> [EXERCISE INSTRUCTIONS]:
Copy every line of the data below exactly as given, except for the pictures.

**** EXERCISE INPUT

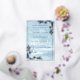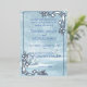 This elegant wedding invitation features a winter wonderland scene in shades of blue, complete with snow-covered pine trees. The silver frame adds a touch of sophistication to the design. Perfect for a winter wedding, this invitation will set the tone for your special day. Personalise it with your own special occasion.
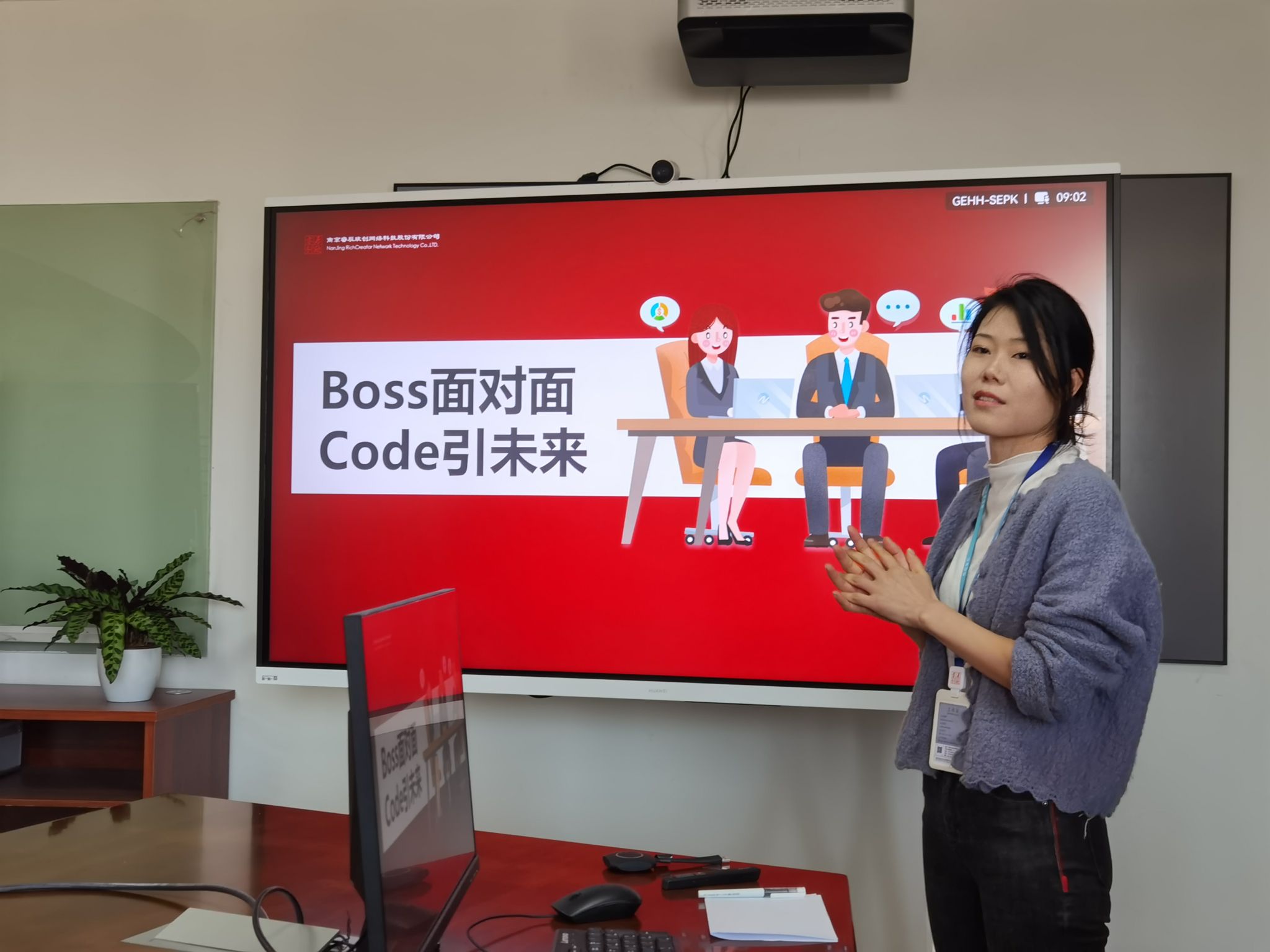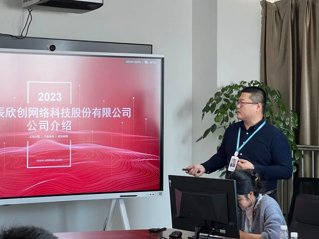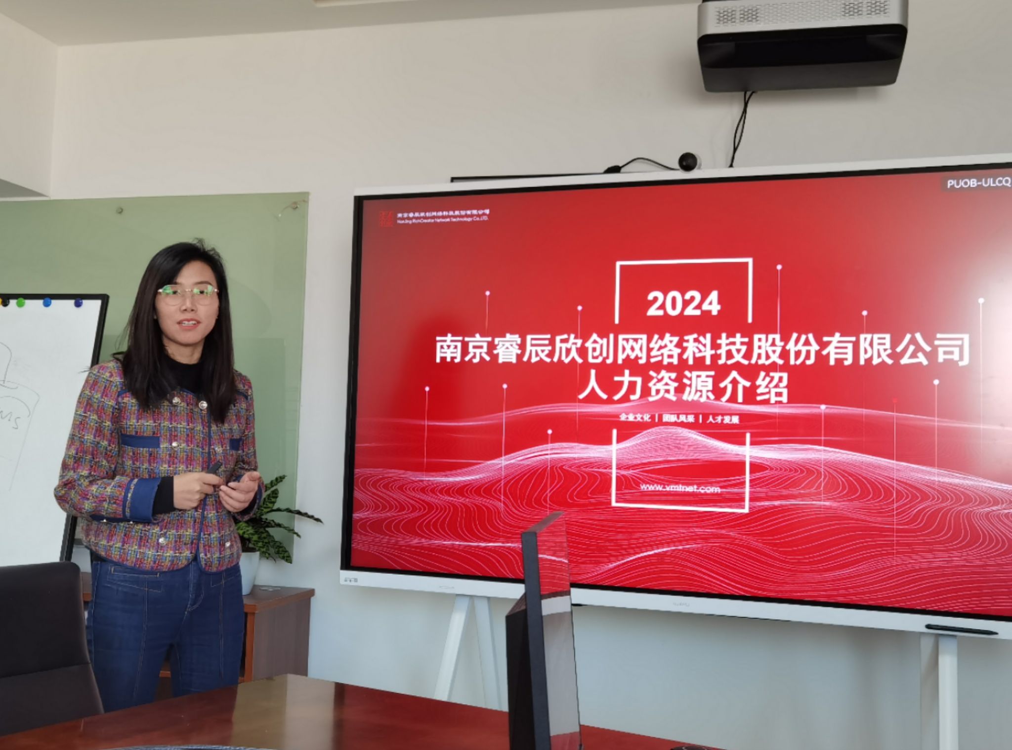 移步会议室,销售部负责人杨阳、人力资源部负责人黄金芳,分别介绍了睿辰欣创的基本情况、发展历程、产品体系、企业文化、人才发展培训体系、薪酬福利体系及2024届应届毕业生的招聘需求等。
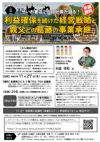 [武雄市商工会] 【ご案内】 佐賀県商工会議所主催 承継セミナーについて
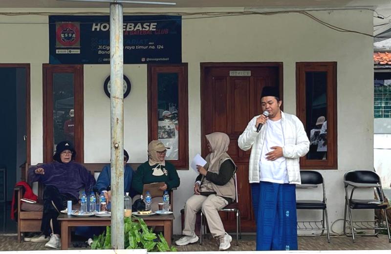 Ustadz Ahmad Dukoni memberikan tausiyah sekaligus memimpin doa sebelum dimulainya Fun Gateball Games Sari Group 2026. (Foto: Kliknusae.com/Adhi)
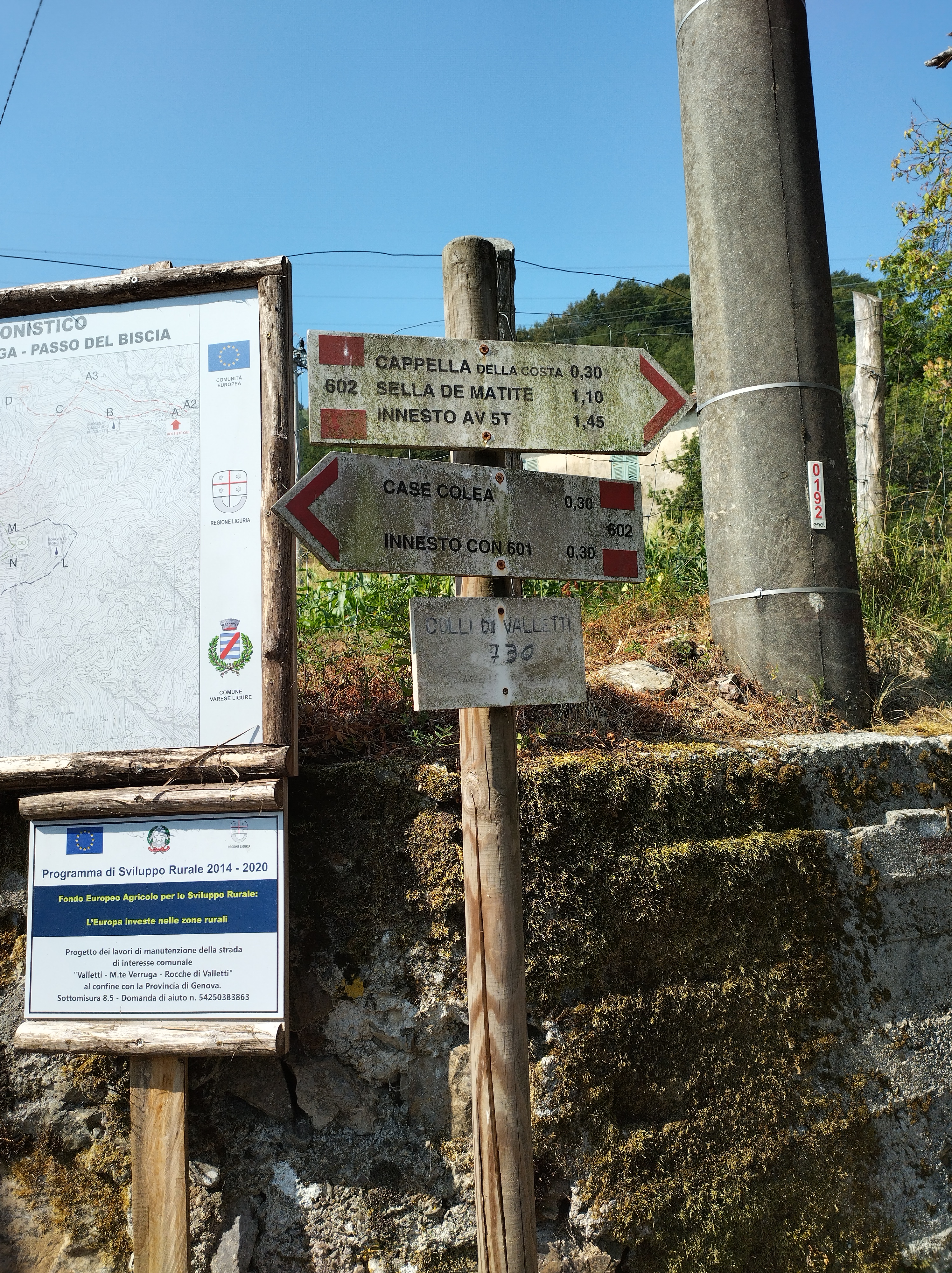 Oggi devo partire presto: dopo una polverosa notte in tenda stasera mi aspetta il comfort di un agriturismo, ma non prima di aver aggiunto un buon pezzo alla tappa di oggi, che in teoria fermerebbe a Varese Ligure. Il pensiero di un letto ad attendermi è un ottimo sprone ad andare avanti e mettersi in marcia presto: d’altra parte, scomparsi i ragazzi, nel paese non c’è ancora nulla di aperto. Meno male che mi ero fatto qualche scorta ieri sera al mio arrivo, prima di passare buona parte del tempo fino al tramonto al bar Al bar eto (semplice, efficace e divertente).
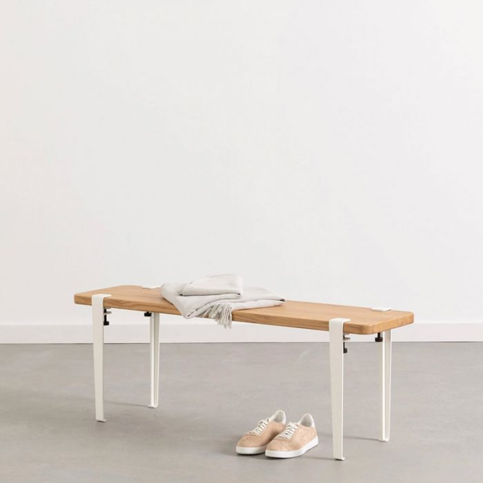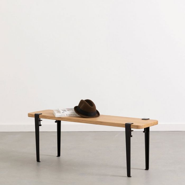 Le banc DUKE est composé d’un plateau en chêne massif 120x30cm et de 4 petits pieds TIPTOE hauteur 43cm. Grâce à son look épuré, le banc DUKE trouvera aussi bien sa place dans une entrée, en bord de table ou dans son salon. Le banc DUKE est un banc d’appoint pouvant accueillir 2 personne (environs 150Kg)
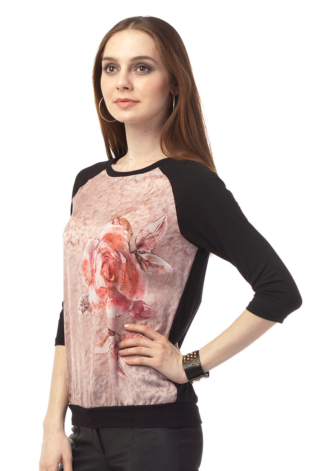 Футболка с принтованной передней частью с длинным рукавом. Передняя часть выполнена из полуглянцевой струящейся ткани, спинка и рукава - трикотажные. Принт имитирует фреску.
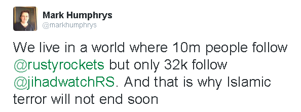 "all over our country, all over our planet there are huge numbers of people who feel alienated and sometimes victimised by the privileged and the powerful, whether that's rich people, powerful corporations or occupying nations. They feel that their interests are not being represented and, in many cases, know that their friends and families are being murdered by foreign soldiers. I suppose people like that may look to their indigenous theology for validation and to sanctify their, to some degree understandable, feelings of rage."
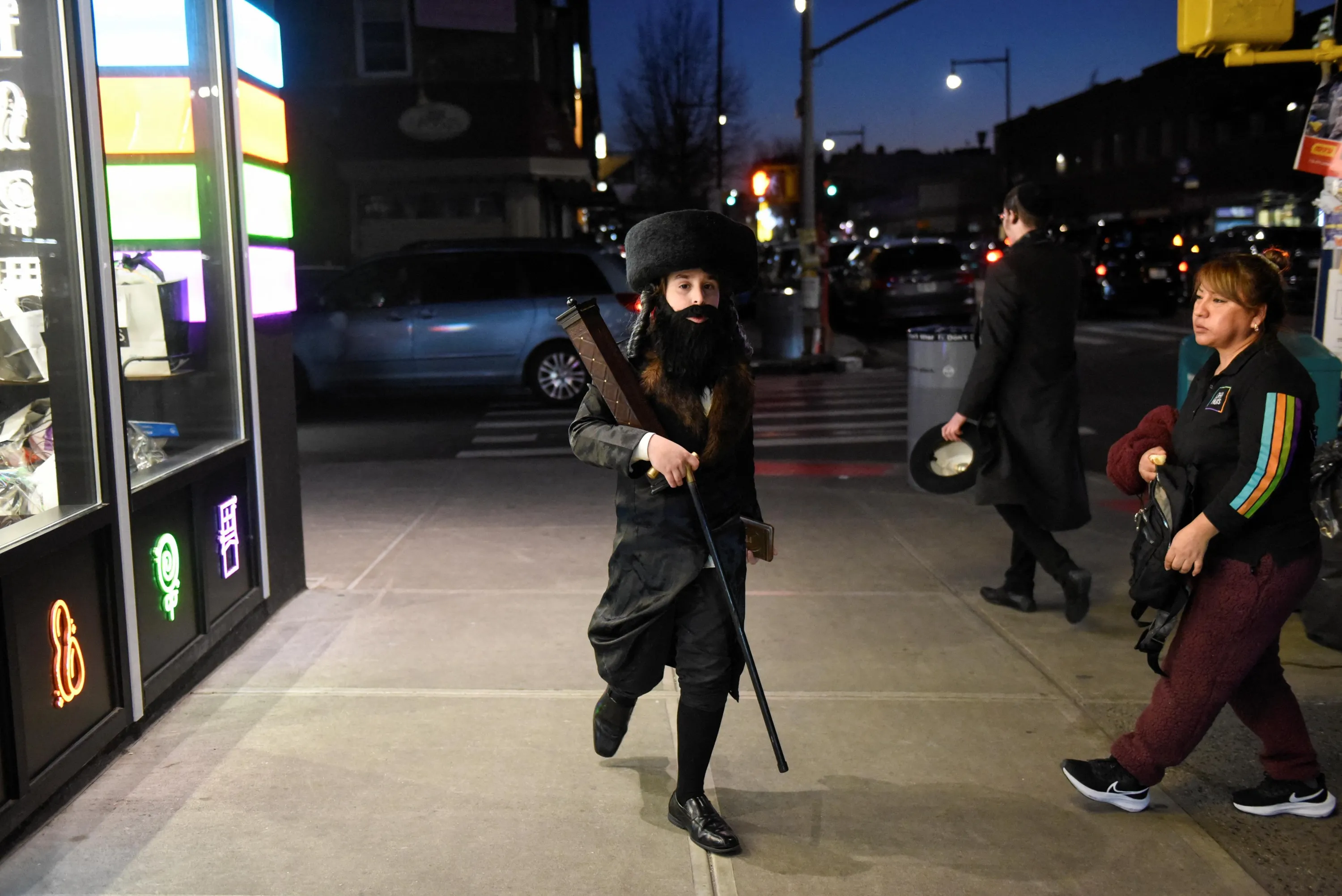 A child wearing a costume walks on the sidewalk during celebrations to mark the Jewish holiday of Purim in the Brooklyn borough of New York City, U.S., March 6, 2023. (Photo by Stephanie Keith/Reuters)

********

> [WRITTEN ANSWER]:
 This elegant wedding invitation features a winter wonderland scene in shades of blue, complete with snow-covered pine trees. The silver frame adds a touch of sophistication to the design. Perfect for a winter wedding, this invitation will set the tone for your special day. Personalise it with your own special occasion.
 移步会议室,销售部负责人杨阳、人力资源部负责人黄金芳,分别介绍了睿辰欣创的基本情况、发展历程、产品体系、企业文化、人才发展培训体系、薪酬福利体系及2024届应届毕业生的招聘需求等。
 [武雄市商工会] 【ご案内】 佐賀県商工会議所主催 承継セミナーについて
 Ustadz Ahmad Dukoni memberikan tausiyah sekaligus memimpin doa sebelum dimulainya Fun Gateball Games Sari Group 2026. (Foto: Kliknusae.com/Adhi)
 Oggi devo partire presto: dopo una polverosa notte in tenda stasera mi aspetta il comfort di un agriturismo, ma non prima di aver aggiunto un buon pezzo alla tappa di oggi, che in teoria fermerebbe a Varese Ligure. Il pensiero di un letto ad attendermi è un ottimo sprone ad andare avanti e mettersi in marcia presto: d’altra parte, scomparsi i ragazzi, nel paese non c’è ancora nulla di aperto. Meno male che mi ero fatto qualche scorta ieri sera al mio arrivo, prima di passare buona parte del tempo fino al tramonto al bar Al bar eto (semplice, efficace e divertente).
 Le banc DUKE est composé d’un plateau en chêne massif 120x30cm et de 4 petits pieds TIPTOE hauteur 43cm. Grâce à son look épuré, le banc DUKE trouvera aussi bien sa place dans une entrée, en bord de table ou dans son salon. Le banc DUKE est un banc d’appoint pouvant accueillir 2 personne (environs 150Kg)
 Футболка с принтованной передней частью с длинным рукавом. Передняя часть выполнена из полуглянцевой струящейся ткани, спинка и рукава - трикотажные. Принт имитирует фреску.
 "all over our country, all over our planet there are huge numbers of people who feel alienated and sometimes victimised by the privileged and the powerful, whether that's rich people, powerful corporations or occupying nations. They feel that their interests are not being represented and, in many cases, know that their friends and families are being murdered by foreign soldiers. I suppose people like that may look to their indigenous theology for validation and to sanctify their, to some degree understandable, feelings of rage."
 A child wearing a costume walks on the sidewalk during celebrations to mark the Jewish holiday of Purim in the Brooklyn borough of New York City, U.S., March 6, 2023. (Photo by Stephanie Keith/Reuters)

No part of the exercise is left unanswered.